This is not unusual, most days, at least once, I get a request for a favor. Usually it’s to help with paper work, run to the bank or post office, or deliver supplies to one of our booths. Being that I can’t draw or even ink the boxes for his MAD pages, (Yes, this was attempted and I failed miserably) I try to help out where and when I can. Anything so that he can keep working on the deadline. Today’s favor had to do with The MAD Blog. He is trying to finish up a big MAD job, and doesn’t have time to write any meaningful posts right now, so he asked: “Can you write a post about being married to a freelancer? You’ll be my first ‘guest blogger’. Go ahead and make fun of me.” So…
Hi! My name is The Lovely Anna, and I am the wife of a freelance illustrator (Insert Hi Lovely Anna! here). No, there is no support group for spouses of freelance illustrators, or bloggers, or foundation board members, or computer nerds, or caricature artists. There isn’t even one for spouses of members of “The Usual Gang of Idiots”. Even if there was, I probably wouldn’t join. I would get so co-dependent. I would spend all my free time trying to save all the poor women whose husbands are always at their drawing boards, because they can’t say no when the phone rings. I would be trying to help them figure out the best way to get Dr. Martin’s India Ink out of studio carpets.
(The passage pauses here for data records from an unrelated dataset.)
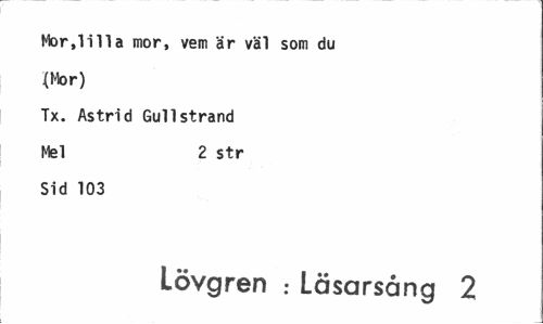 //// Mor ,1 i Ila mor, vem är väl som du {Mor) //// Tx. Astrid Gul1 strand Mel 2 str //// Sid 103 //// Lövgren : Läsarsång 2 ////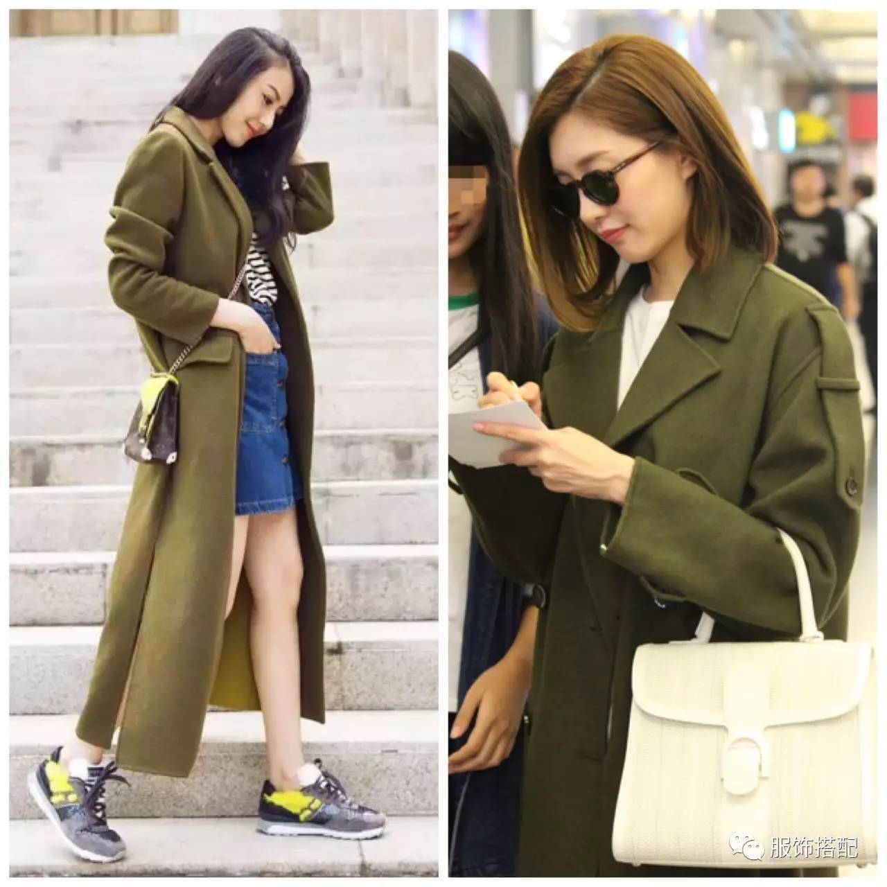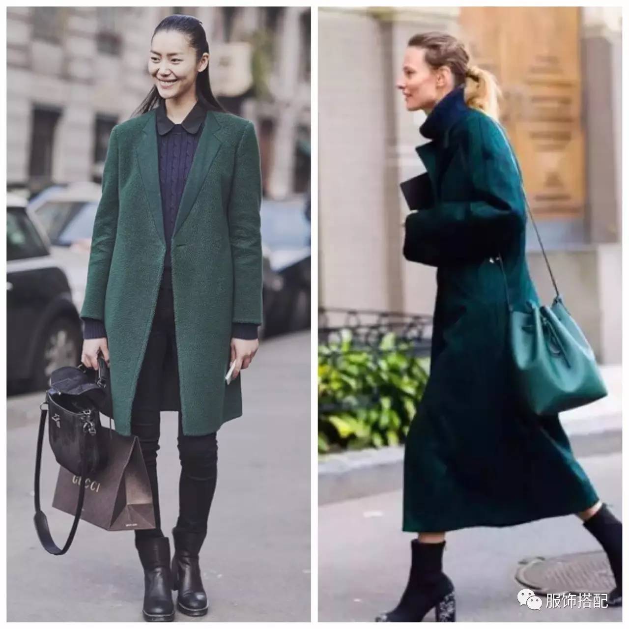 暗云杉綠大衣是搭姐自己的心頭好,親測非常顯白襯膚色。像大表姐劉雯一樣內搭素色毛衣+黑色小腳褲就很好看了。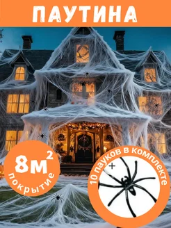 Искусственная паутина с пауками на хэллоуин

I would have to make a website, listing all of the best hotels in the world with bathrooms big enough to ink in during the middle of the night while the rest of the family sleeps. I would have to help them with meal preparations, making sure that they can find good recipes for things that can be re-heated when it takes FOREVER for their artist in residence to come to the dinner table. These poor women! Someone has to help them! How can they be expected to live like this?? Oh, wait… I live like this. Yeah, I’m not good at support groups, I always try to save every body else from my everyday life.
What is it like to be married to a freelance artist?
- Pro: He is always at home.
- Con: He is always at home.
- Pro: He sets his own hours.
- Con: His hours are 24/7.
- Pro: He is very creative and humorous.
- Con: He thinks he is funny.
- Pro: He is so talented, his phone rings off the hook.
- Con: He answers every call.
- Pro: He was there for every first step, first word, dance recital, baseball game, concert and taught all the kids how to ride their bikes.
- Cons: None
Tom is a workaholic. He loves to draw. He loves his computer, and was born to blog. He spends more time in his studio than out. At times, he has problems with time management, but shutting off the phone and turning off the computer usually puts him back on course. He has never missed a deadline, even when it meant missing sleep. Our house is so far from the norm, but it’s all we know. We have been married 20 years this month, and I have always been lucky enough to be a stay at home mom. Tom has always had something on the drawing board, or was working at one of the parks to make sure we have everything we need and I was able to be home with the kids. Tom has learned to block out the everyday events happening upstairs, and I have learned to pretend that he is not home. We check in with each other many times a day, and sometimes even sneak away for a lunch together.
I would recommend marrying a freelance illustrator to anyone lucky enough to fall in love with one.
It’s worked for me so far.
The Lovely Anna is the long suffering wife of Tom and mother of four… five if you count Elizabeth twice. She graciously agreed to write this guest blog post to spare readers another appearance of the “Dreaded Deadline Demon” and Tom didn’t even have to bring up the afore mentioned “trying to ink the word balloon boxes on a MAD job” incident to guilt her into it.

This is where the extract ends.